The two key share indexes recorded their worst weekly performance since April last week. They
were both down nearly 2% from their closing levels on Thursday.

The weakness was triggered by the rise in US bond yields as growing inflationary concerns have
raised expectations that the US Federal Reserve could resort to faster withdrawals of its asset
purchase programme.

India's stock market could underperform the global markets from here on, says ICICI Securities chief
investment officer Piyush Garg. "At higher levels the risk is rising in the market and the correction
will also be larger at higher levels," he said.

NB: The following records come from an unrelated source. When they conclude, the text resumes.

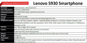 Das S930 Smartphone ist Lenovos neues 6 Zoll großes Phablet mit HD-Display (1.280 x 720 Pixel). Angetrieben wird das 170 Gramm schwere und 8,7 Millimeter flache Riesensmartphone von einem MediaTek MT6582 (1,3 GHz) Quadcore-Prozessor, der von 1 GByte RAM und 8 GByte internem Speicher flankiert wird. Als OS läuft Android in Version 4.2 Jelly Bean. WLAN 802.11b/g/n, Bluetooth 3.0, zwei Kameras (8 MP hinten, 1,6 MP vorne), 2 Lautsprecher an der Vorderseite, Dual SIM, GPS, FM-Radio sowie ein 3.000 mAh starker Lithium-Polymer-Akku runden die Ausstattung des Lenovo S930 Smartphones ab.
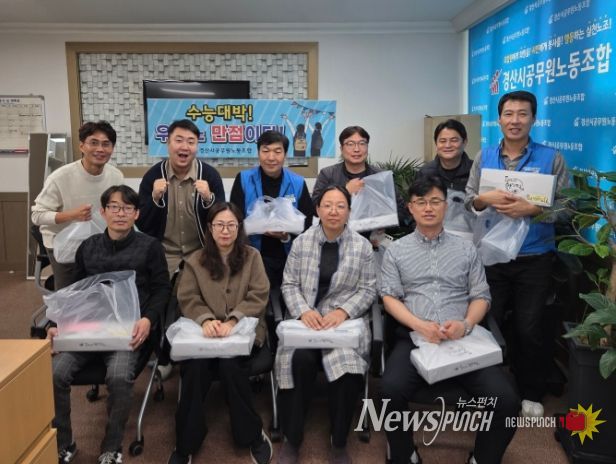 뉴스펀치 김길룡 기자 | 경산시공무원노동조합에서는 지난 7일 수험생 자녀가 있는 조합원 40여 명에게 “수능 합격 기원 찹쌀떡”과 함께 응원의 메시지를 전달했다.
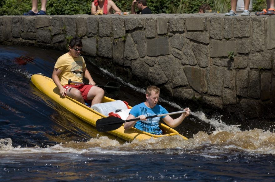 Nechci tady nabádat k tomu, abyste všechny jezy obnášeli a vyhýbali se jim obřím obloukem. Přece jenom z jezů bývají i ty nejzajímavější historky plné odřených kolen, utopených báglů, děravých lodí a dalších vodáckých taškařic, takže by bylo škoda připravit se o ně, ale… Tak jako je na našich řekách dost jezů, které se běžně splouvají nebo jsou ke splouvání i stavebně upraveny, což je v posledních letech stále častějším jevem, je tam ještě větší množství jezů, které ke splouvání (právě teď) vhodné nejsou nebo ho zcela vylučují. Nejjednodušší radou je vzít rozum do hrsti a vědět, kdy se do jezu můžu klidně pustit (samozřejmě s řádně nasazenou plovací vestou a, u dětí určitě, u dospělých nejlépe, s přilbou) a kdy ho radši uctivě obejdu. Pro jistotu si ale ta základní pravidla, jak poznat nebezpečný jez, zopakujeme.
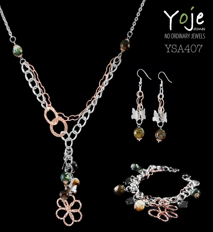 Descrizione: PARURE COMPLETA COMPOSTA DA COLLANA BEVERLY, BRACCIALE E ORECCHINI, MONTATA IN ACCIAIO 316L E PIETRE DURE NATURALI
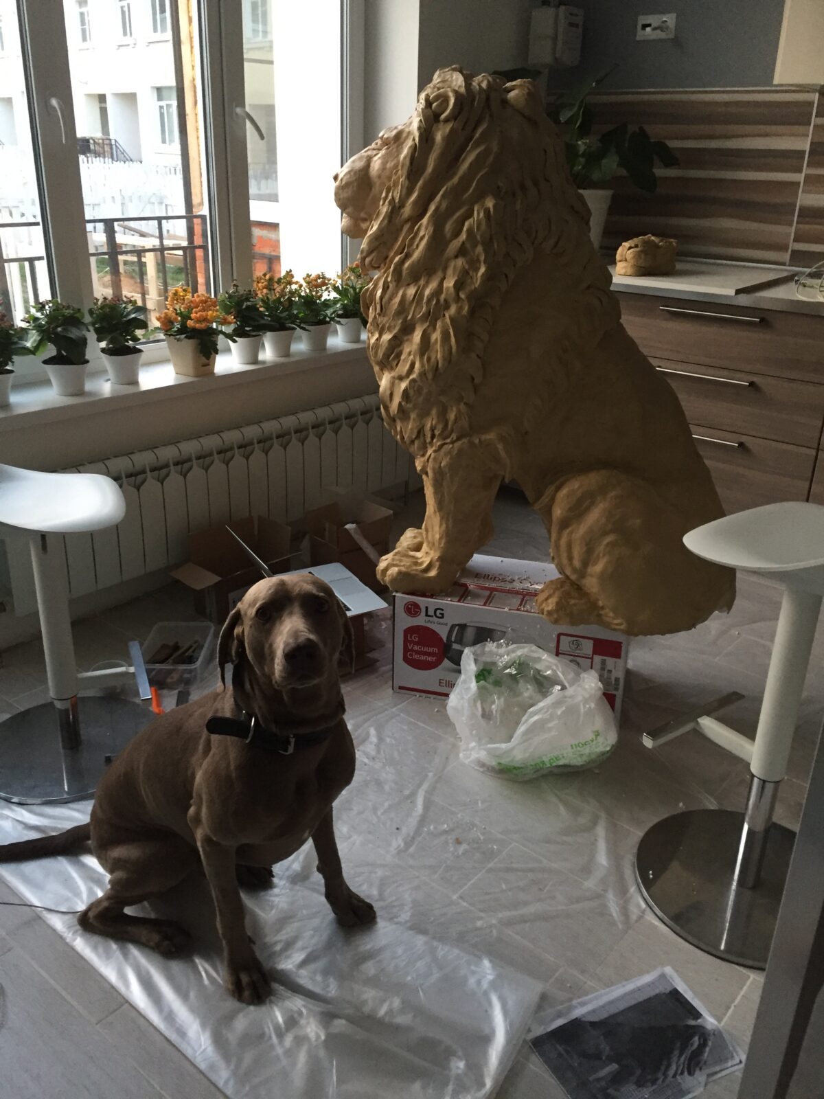 Причина была необычной: у её друзей в США тоже стояли львы у входа, и заказчица хотела, чтобы её композиция была крупнее, эффектнее и внушительнее — в качестве маленькой дружеской шутки и демонстрации статуса.
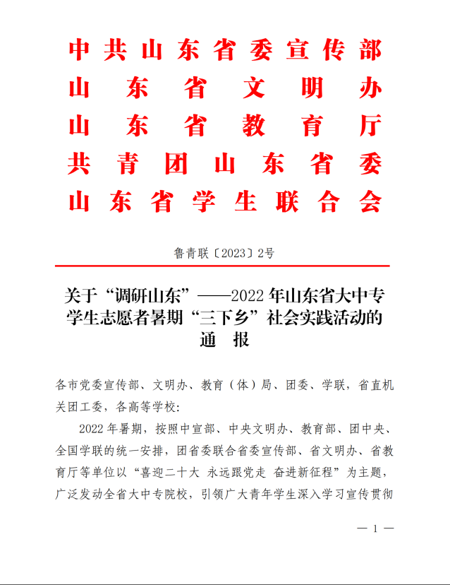 近日,由省委宣传部、省文明办、省教育厅、团省委和省学联等五部门联合发布《关于“调研山东”——2022年山东省大中专学生志愿者暑期“三下乡”社会实践活动的通报》,对大中专学生暑期“三下乡”社会实践活动中表现突出、做出显著成绩的优秀单位和个人给予了表彰。
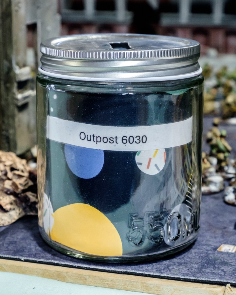 That’s the voting jar. Each visitor got a button to put into the jar to vote for their favourite display. These guys got enough to become Pearly Kings!
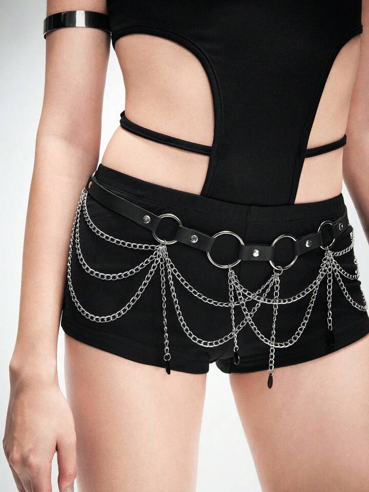 Goth 1 قطعة سلسلة حزام النساء المرصعة بالكريستال باللون الأسود بطراز بنكي، إكسسوار متعدد الاستخدامات للفساتين
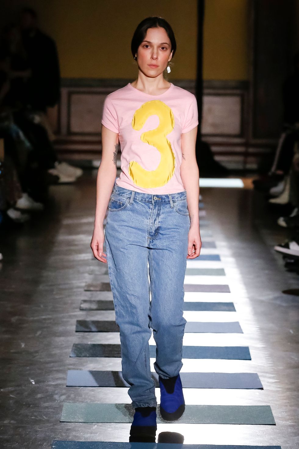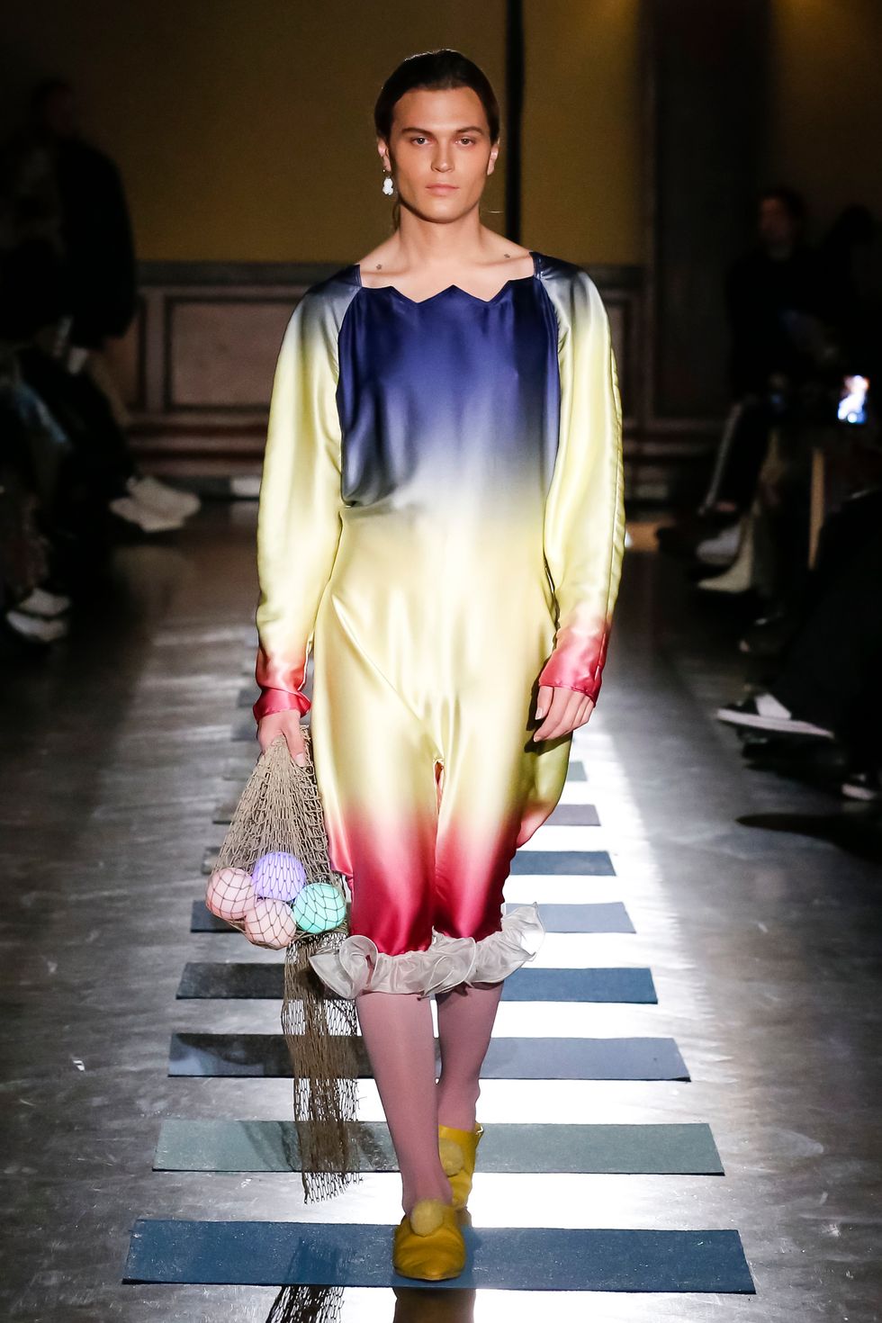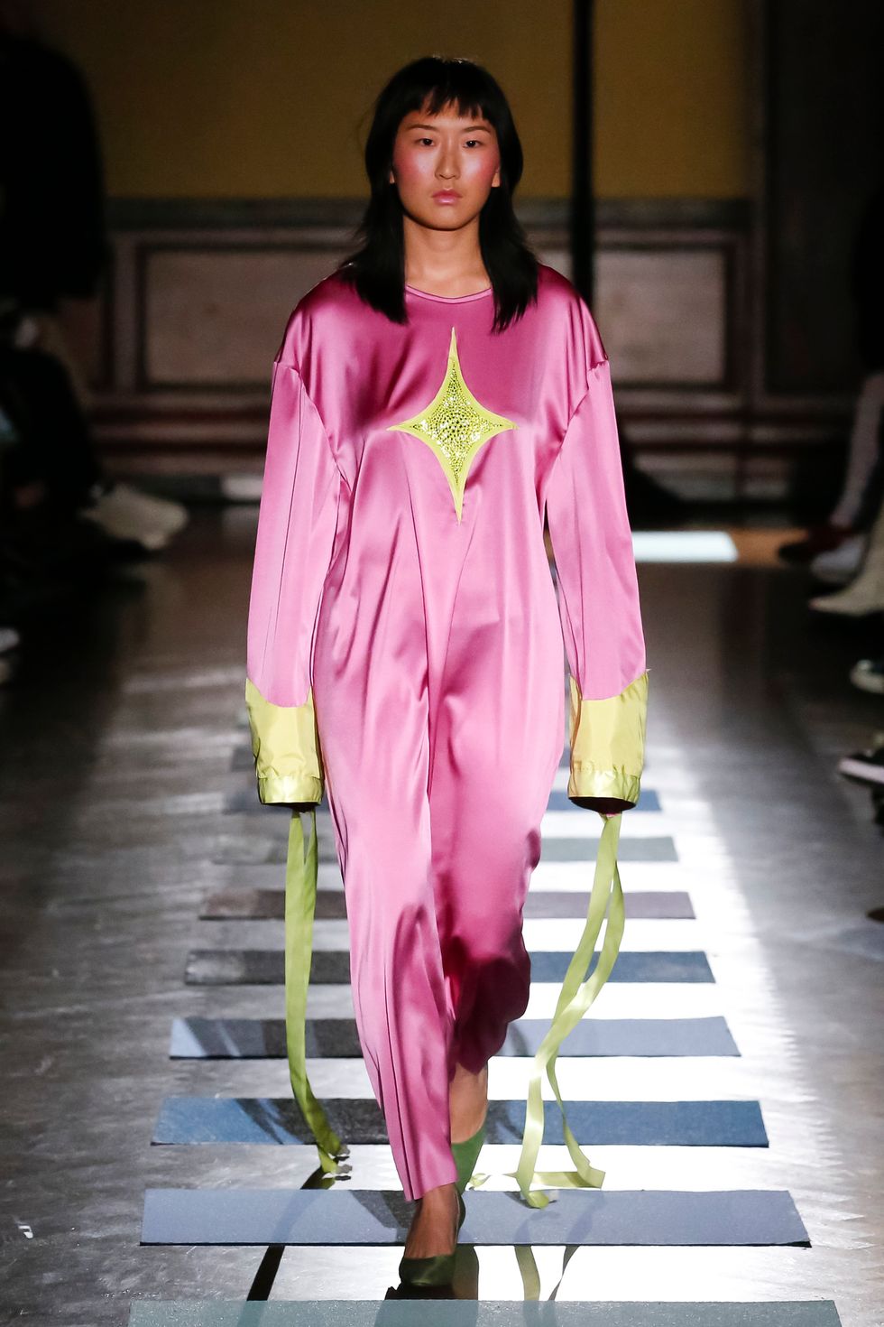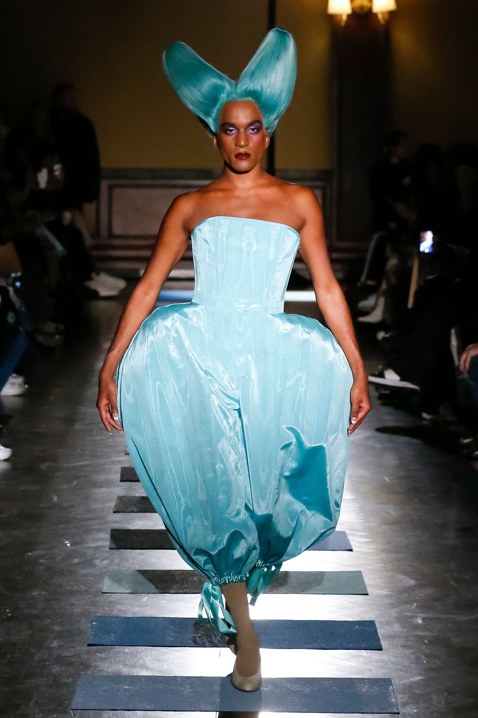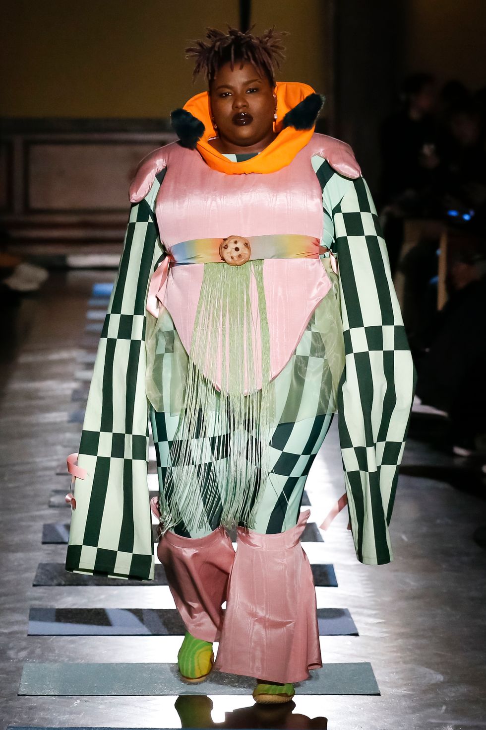 Both Mark and Argentina walked in the show, Mark in a chill t-shirt and jeans and Argentina in a bejeweled charmeuse dress with popcorn dangling from the sleeves (the food accents have quickly become a Puppets signature — Mark said that she's "snack-centric and I always have been, my brain is just like make that a chocolate chip cookie"). And the ethereal musician Caroline Polachek closed things out in a green pannier skirt and a matching batwing top with a pink collar named for Christian Lacroix, taking even courtly steps that made her look like she was floating. I recently ingested mushrooms and wept an Ocean of Tears at a Polachek show; as she walked out I let out a small yelp over the dramatic rendition of "Ave Maria" that served as the show's soundtrack. Apologies to Ms. Polachek and my seatmates.
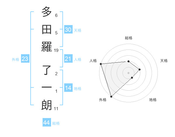 多田羅 了一朗さんを姓名の画数から五運を鑑定
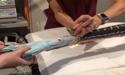 À Sydney, en Australie, un python de 3 mètres de long doit être opérée rapidement en urgence au Small Animal Specialist Hospital (SASH) après avoir avalé une serviette de bain. Avec l’aide d'un endoscope placé dans le tu...
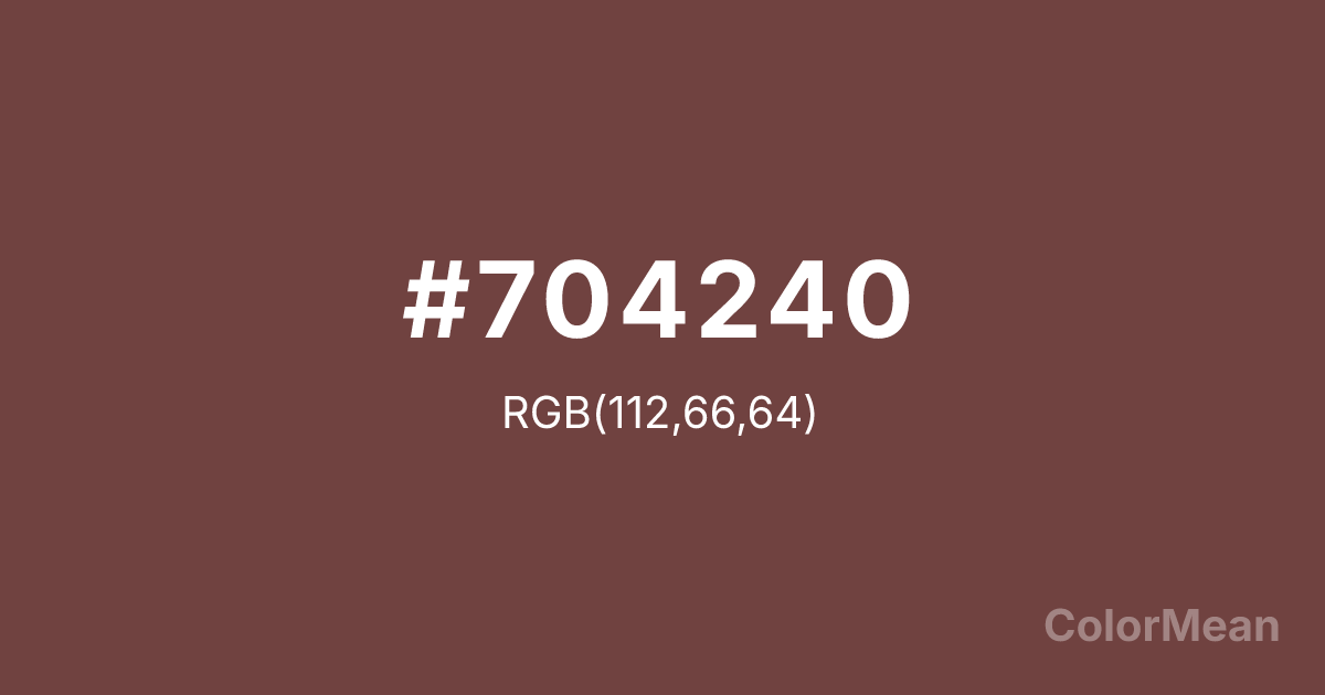 #704240 RGB value is (112, 66, 64). The hex color red value is 112, green is 66, and blue is 64. Its HSL format shows a hue of 3°, saturation of 27 percent, and lightness of 35 percent. The CMYK process values are 0 percent, 41 percent, 43 percent, 56 percent.

The Indian equity market underperformed most regional markets last week except Korea, Taiwan
and Japan. In September, stock indices gained nearly 3% and outperformed all regional markets
except Japan. During the September quarter, Indian markets outpaced most global markets with a
gain of 12%.

The Nifty's 12-month forward price-to-earnings ratio (P/E) is 42%, above its 16-year average. "US
Markets will also look out for signals from the Reserve Bank of India (RBI) whether it plans to
normalise its monetary policy. Analysts are still hopeful that the Nifty will touch 18,000 in October
after hitting 17,400 on Wednesday. Interest rate movement is something which the market will
watch carefully," says expert.

The path of US bonds may continue to influence stock market sentiment. Traders are nervous as the
Nifty approaches the critical support level of 17,400. The Reserve Bank of India signalling the
beginning of normalisation of its liquidity policies, according to analysts, will also make markets
apprehensive.

Last week, the two major stock indices had their lowest weekly performance since April. They were
both down roughly 2% from their Thursday closing levels.

The drop was caused by a spike in US bond yields, which has fueled speculation that the US Federal
Reserve may begin to remove its asset-purchase programme sooner rather than later due to rising
inflationary fears.

According to Piyush Garg, chief investment officer at ICICI Securities, India's stock market may lag
global markets in the future. "The risk in the market is rising at greater levels, and the correction will
be larger at higher levels," he stated.

With the exception of Korea, Taiwan, and Japan, the Indian equities market lagged other regional
markets last week. Stock indices rose roughly 3% in September, outperforming all regional markets
except Japan. With a gain of 12 percent in the September quarter, Indian stocks outperformed other
global markets.

The 12-month forward price-to-earnings ratio (P/E) of the Nifty is 42 percent, which is higher than
the 16-year average.
Markets in the United States will also be watching for signs from the Reserve Bank of India (RBI) that
it intends to normalise its monetary policy. After topping 17,400 on Wednesday, analysts believe the
Nifty will reach 18,000 in October. The market will be keeping a close eye on interest rate changes.